That being so, the Defendant, pending the agreement, was bound to communicate all the information he
acquired, which it was material for the intestate to know in order to enable him to judge of the value of the
property. …
I am satisfied that the Defendant had placed himself in such a relation of confidence, by his undertaking
the office of arranging the intestate’s debts by means of a mortgage of his property, as prevented him from
becoming a purchaser of that property without the fullest communication of all material information which
he had obtained to its value; that this openness and fair dealing were the more necessary when he was
negotiating with an extravagant and necessitous young man, deprived at the same time of all other advice,
eager to raise money, and apparently careless in what manner it was obtained; and the Defendant having,
by concealment of a valuation which he had privately obtained, procured a considerable advantage in the
price which the seller was induced to take, and which the Defendant’s witnesses prove to be grossly
inadequate, he cannot be permitted so to turn the confidence reposed in him to his own profit, and the sale
ought to be set aside.”

Malaysian Case Law on Undue Influence

“Fiduciary relationship” and undue influence (e.g. to explain ‘fiduciary relation” in s 16(2)(a).

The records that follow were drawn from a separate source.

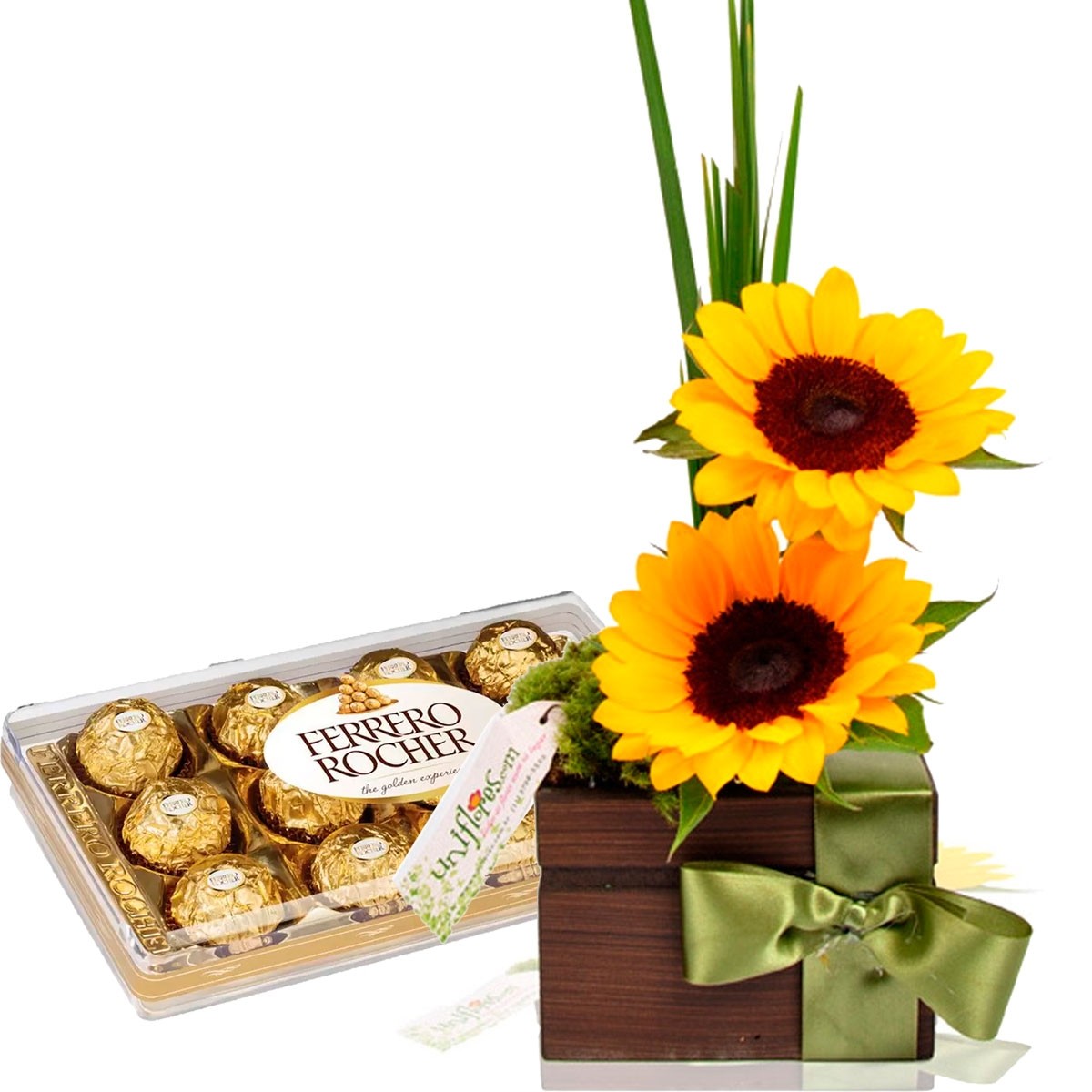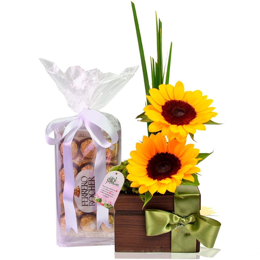 Uma linda opção para você presentear e emocionar, não importa a distância: um delicado, elegante e radiante arranjo com dois belos girassóis e folhagens em uma base de madeira decorada. Aproximadamente 30 cm de altura. Envie sua mensagem de carinho através das flores! Em algumas cidades, principalmente nas regiões mais quentes do país, o girassol deste arranjo pode ser substituído por gérberas amarelas ou alaranjadas.
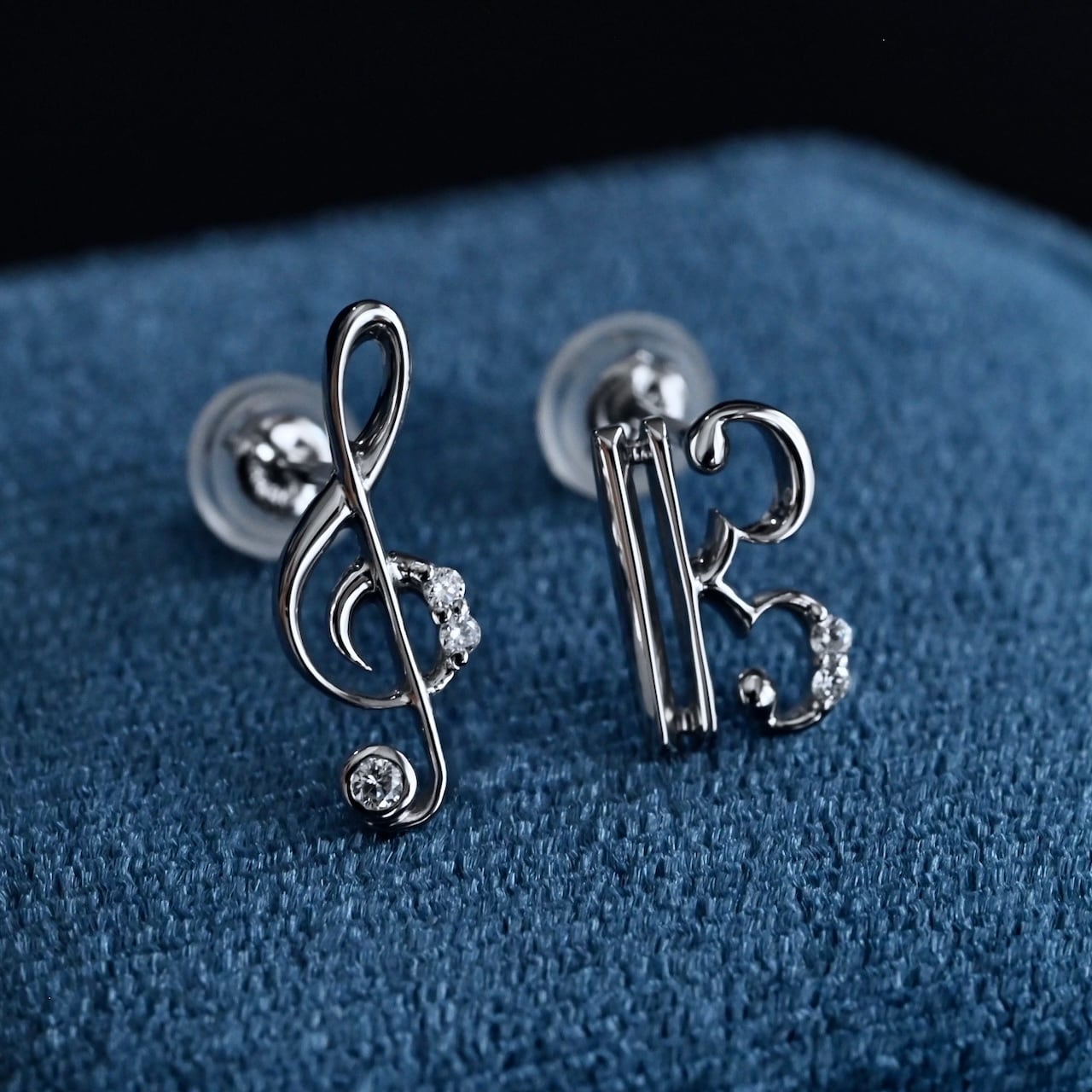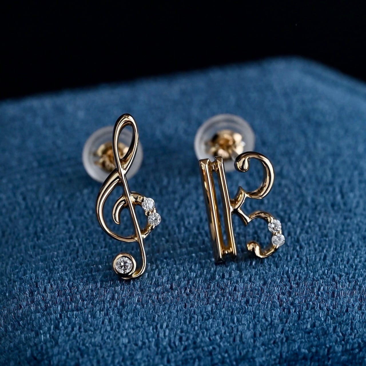 【予約販売|2/3(火)まで】ト音・ハ音記号 ダイヤモンド スタッドピアス (両耳ペア) SILVER/K10YG/K18YG/K18PG/PT900 【77,000円〜154,000円】
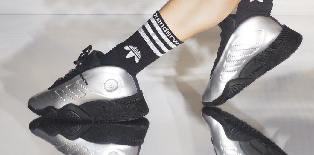 Коллекция состоит из объемных толстовок, спортивных штанов в стиле ретро и юбок и, конечно же, кроссовок. Все вещи украшены логотипами Adidas и Alexander Wang.
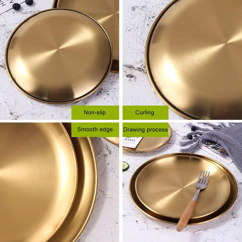 Столовая тарелка 14/17/20/23/26 см, модная Высококачественная Золотая круглая форма, посуда для мяса, десерта, пиццы, фруктов, поднос, оптовая продажа, Лидер продаж
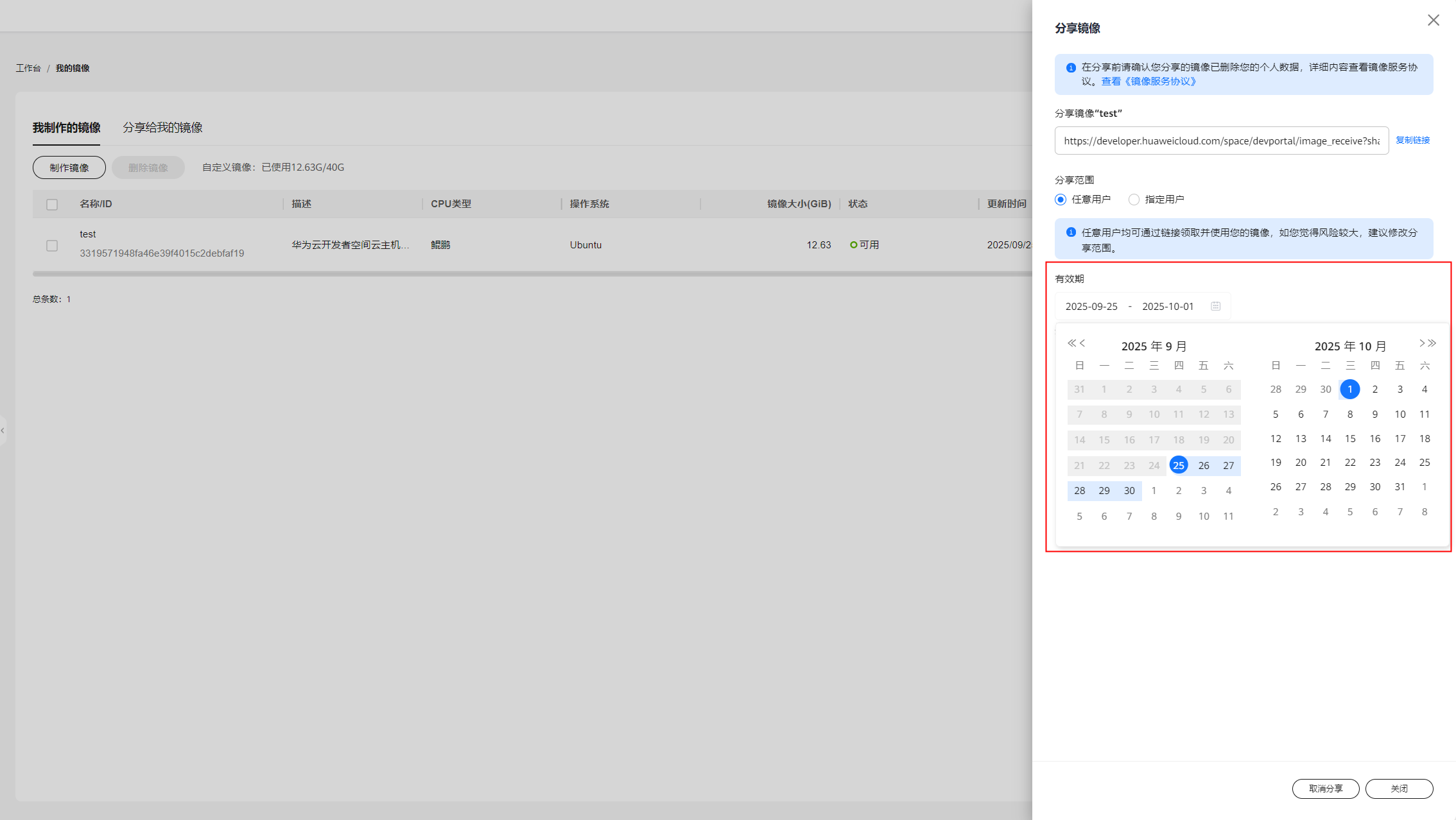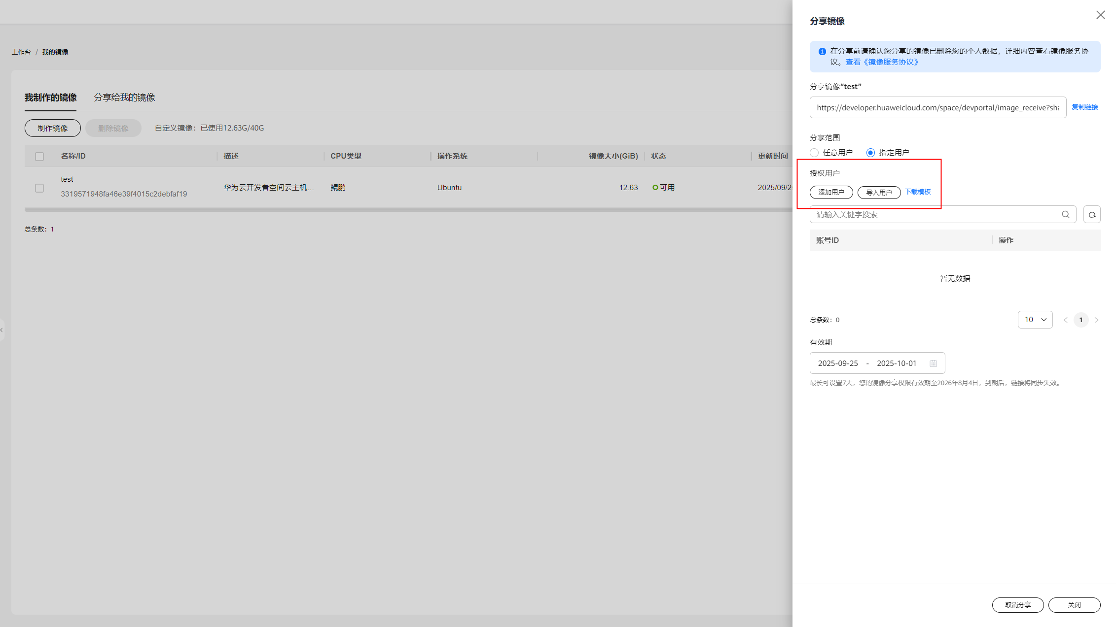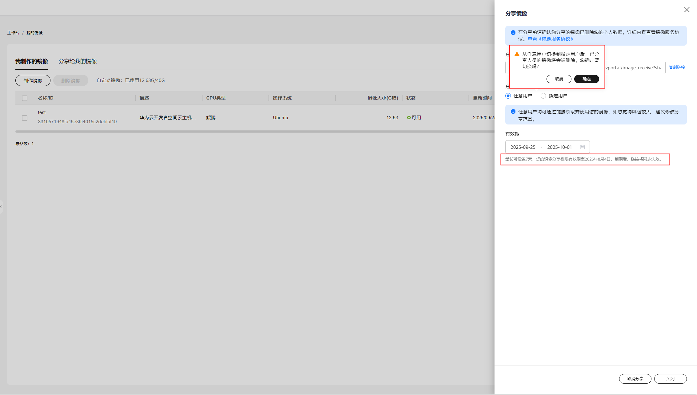 在选择任意用户时,链接有效时间范围内所有华为云账号用户均可通过分享链接领取并使用镜像。
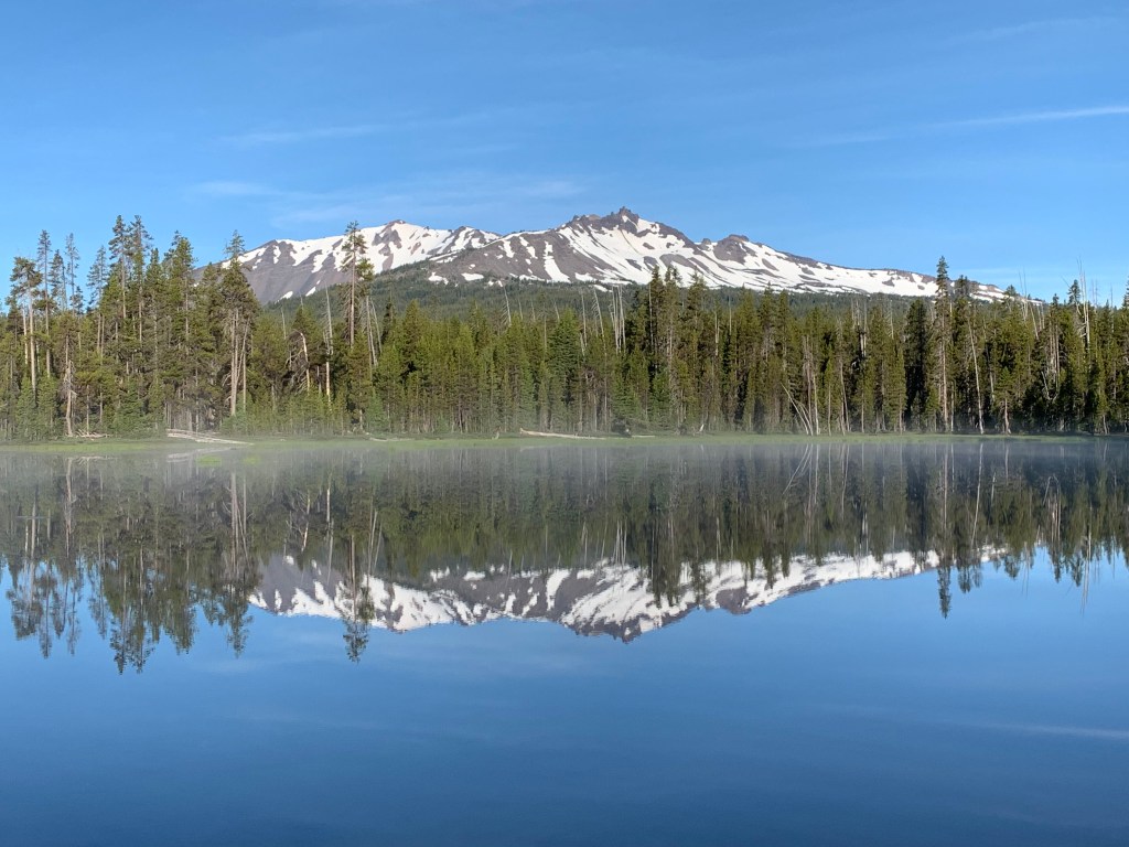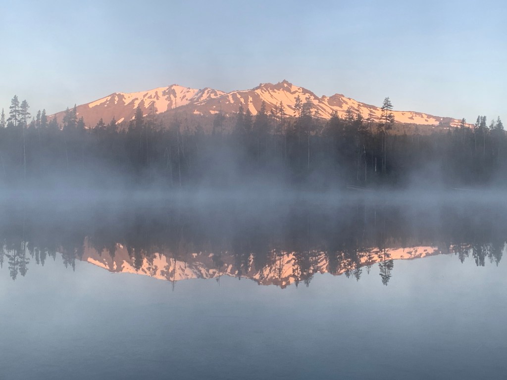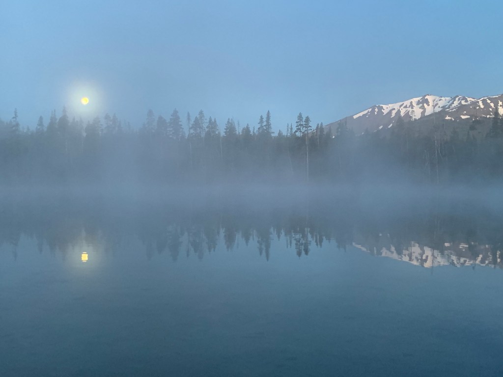 In the grey silence just before dawn, I poke my head out of the tent in search of sunrise. The nearly-full moon is still shining, setting behind the trees as morning mist rises from the still waters. I watch the mountains as they brighten, briefly blush pink, before the mist-quelling warm bright of day is my signal to head out.
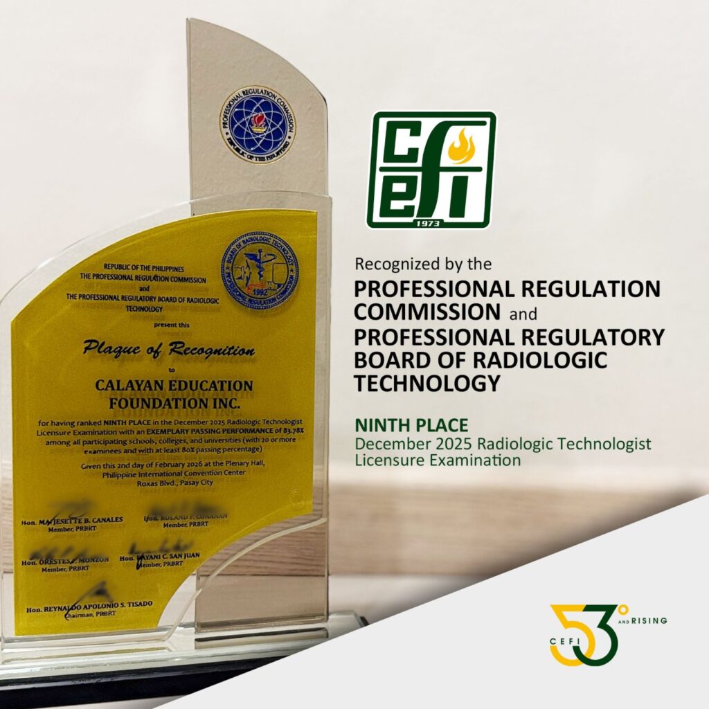 December 2025 Radiologic Technologist Licensure Examination Our heartfelt thanks to the Professional Regulation Commission and the Professional Regulatory Board of Radiologic Technology for recognizing CEFI for its 9th Place ranking in the December 2025 Radiologic Technologist Licensure Examination. At CEFI, we remain committed to produce competent and competitive Registered Radiologic Technologists and to uphold professional […]
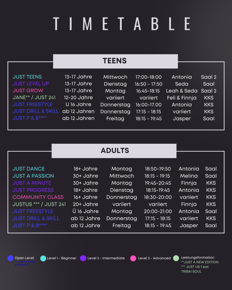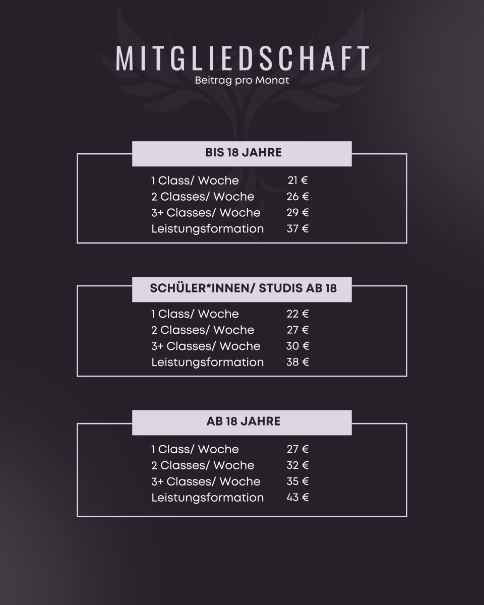 In den Gruppen ist ein Probetraining nur auf Anfrage möglich. Schreib uns gerne eine Mail und starte zum Kennenlernen in einem unserer Kurse, und vielleicht stehst auch du schon bald mit uns auf der Bühne.
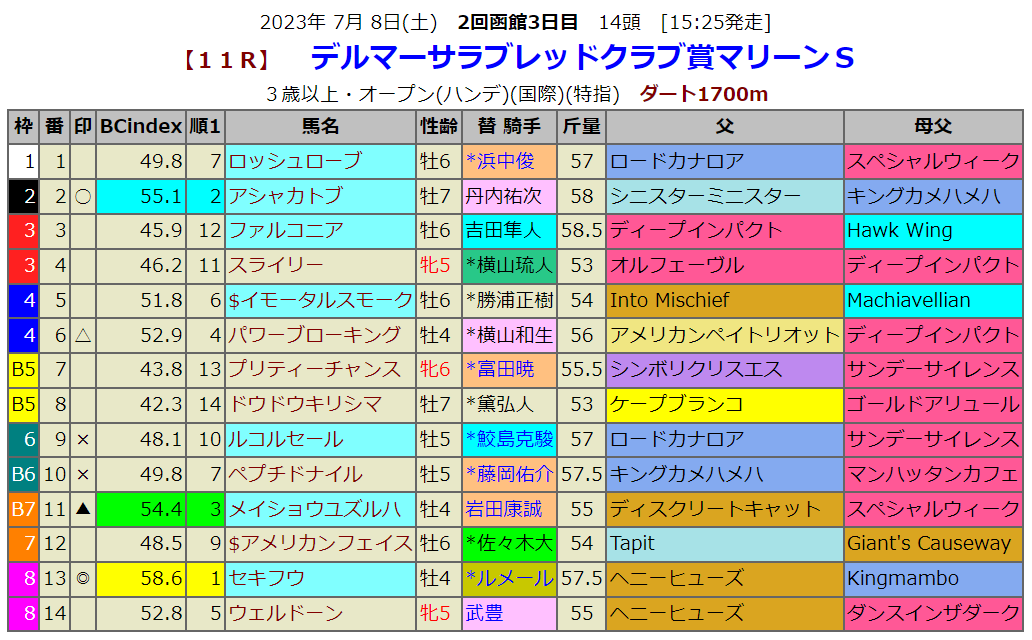 指数1位はセキフウです。ルメール鞍上で1番人気に推されてるようですが・・気になるのは売り出し中の佐々木騎手。印が廻らなかったのですが、オッズを見て付け足したいような・・
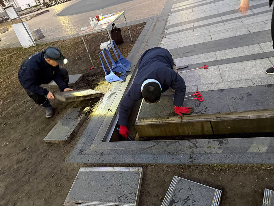 グレーチング班は重たいグレーチングを次々と持ち上げ、黙々と中の泥を回収していました。
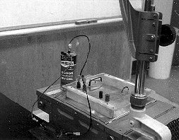 PURPOSE: A compass needle is mounted directly below a wire on a clear plastic sheet which is positioned on an overhead projector. When a current flows in the wire the compass needle lines up perpendicular to the wire, showing that the current-c arrying wire produces a magnetic field perpendicular to the wire. The action is viewed using an overhead projector.
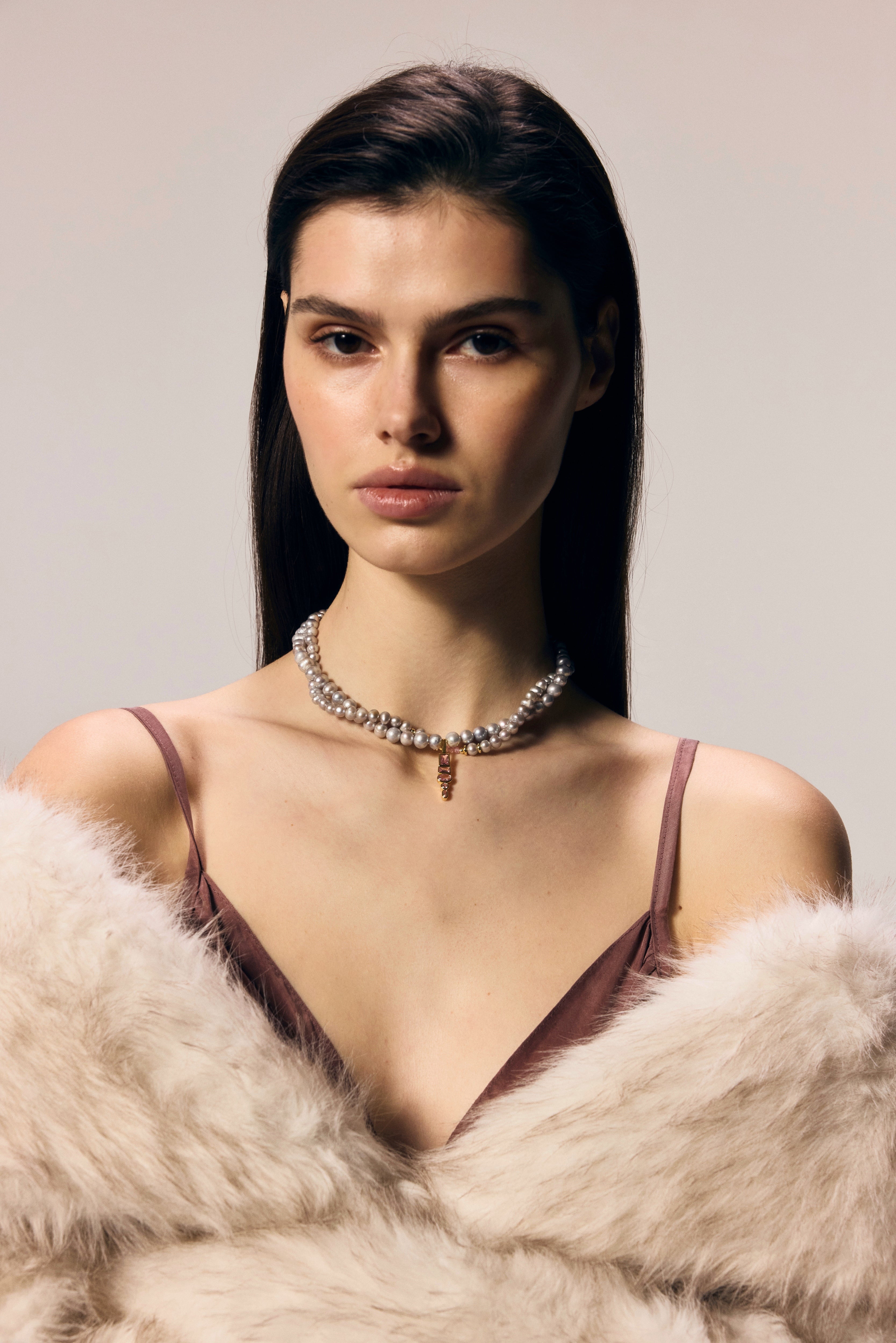 Кольє з натуральних річкових перлин сірого кольору, переплетених між собою. Вставка з цирконів рожевого кольору

Tengku Abdullah ibni Sultan Abu Bakar v Mohd Latiff bin Shah Mohd [1996] 2 MLJ 265
▪ In 1978, the Ayala Group of Companies in the Philippines (‘Ayala’) and its Malaysian partners (‘the first
appellant’ (Tengku Abdullah) and ‘second appellants’ (General Yusoff)) identified a piece of land in
Kuala Lumpur, which belonged to Raintree Development Sdn Bhd (‘RDB’), whose shareholders and
directors were Peter Yeoh, Tan Chin Yong and the third appellant.
▪ In 1979, the first appellant, the second appellant, and Ayala nominess (Ramon Madrid and Jose Reyes)
acquired all the shares in RDB on a joint venture basis.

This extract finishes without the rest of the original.